Opciones de recuperación en macOS: guía completa para tu Mac

Última actualización: febrero 28, 2026
Autor: Isaac
  • El modo recuperación de macOS ofrece utilidades integradas para reparar discos, reinstalar el sistema y restaurar copias de seguridad sin depender de soportes externos.
  • El acceso al entorno de recuperación varía entre Mac con Apple Silicon y Mac con Intel, usando botón de encendido o combinaciones de teclas específicas.
  • La Recuperación por Internet permite descargar e instalar la versión adecuada de macOS incluso cuando la partición de recuperación local está dañada o el disco ha sido borrado.
  • Contar con copias de seguridad y conocer las herramientas de recuperación de datos reduce al mínimo el riesgo de pérdida de información al usar las opciones de recuperación.
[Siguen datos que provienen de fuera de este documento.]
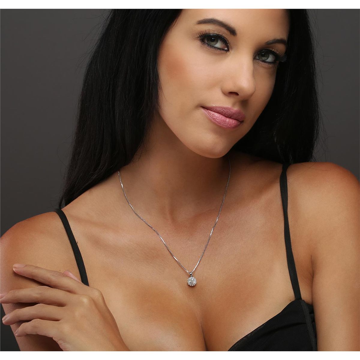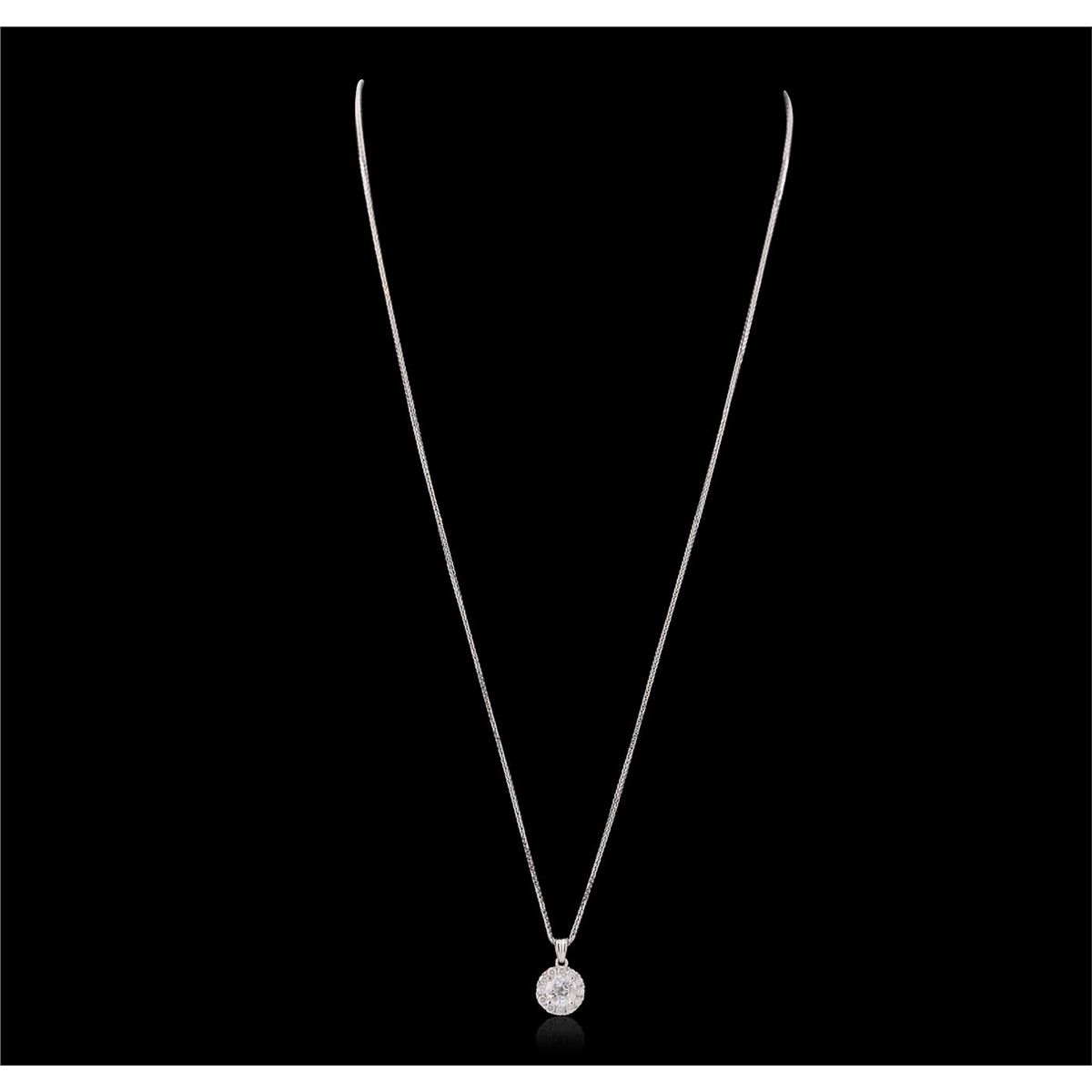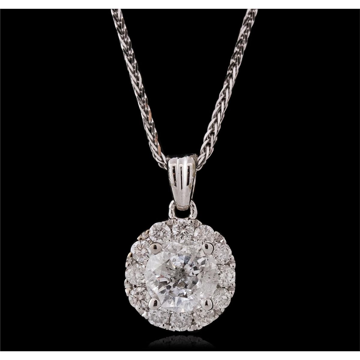 One electronically tested 14KT white gold ladies combination cast & assembled diamond pendant & chain 18.0" long, medium fancy cable with a lobster claw clasp with a bright polish finish. Identified with markings of "14K". Condition is new. Containing: One prong set round brilliant cut diamond, measuring 5.92 - 5.90 x 3.71mm (depth est.) approximate weight of 0.79ct. Clarity: I-2. Color: I, Cut is Good. Twelve prong set round brilliant cut diamonds, measuring 1.80 - 1.80 x 1.08mm (depth est.) approximate total weight of 12 Stones = 0.26ct. Clarity: SI-2 to I-2. Color: H - J, Cut is Good. All diamonds are graded in the mounting, unless otherwise stated. Total Weight of Diamonds 1.05ct. Total Weight of Pendant & Chain 2.60 grams. GGL Appraised at $5,225.00. GGL Appraised at $30,685.00.

Opciones de recuperación de macOS

Cuando tu Mac se queda colgado, no termina de arrancar o empiezas a notar fallos raros en el sistema, el modo de recuperación de macOS se convierte en tu mejor aliado. Es una especie de salvavidas integrado que Apple incluye en todos sus equipos y que te permite reparar discos, reinstalar el sistema, restaurar copias de seguridad e incluso navegar por Internet para buscar soluciones sin necesidad de arrancar el macOS habitual.

Dominar las opciones de recuperación en macOS no es solo cosa de técnicos; cualquier usuario puede aprovecharlas para salir de un apuro, preparar un Mac para venderlo o recuperar una instalación dañada. A lo largo de esta guía vas a ver, con detalle y sin rodeos, cómo entrar en el modo recuperación en Mac con chip Intel y con Apple Silicon, qué utilidades ofrece, qué combinaciones de teclas existen y qué problemas típicos pueden aparecer, además de algunos consejos extra para minimizar riesgos y evitar perder datos.

Qué es el modo de recuperación de macOS y para qué sirve

El modo recuperación es una partición especial oculta dentro del disco de tu Mac que contiene una versión mínima de macOS y varias utilidades de mantenimiento. Apple lo introdujo hace años para que no hiciera falta un DVD o USB externo a la hora de reparar o reinstalar el sistema, y hoy en día es la puerta de entrada a la mayor parte de tareas de emergencia.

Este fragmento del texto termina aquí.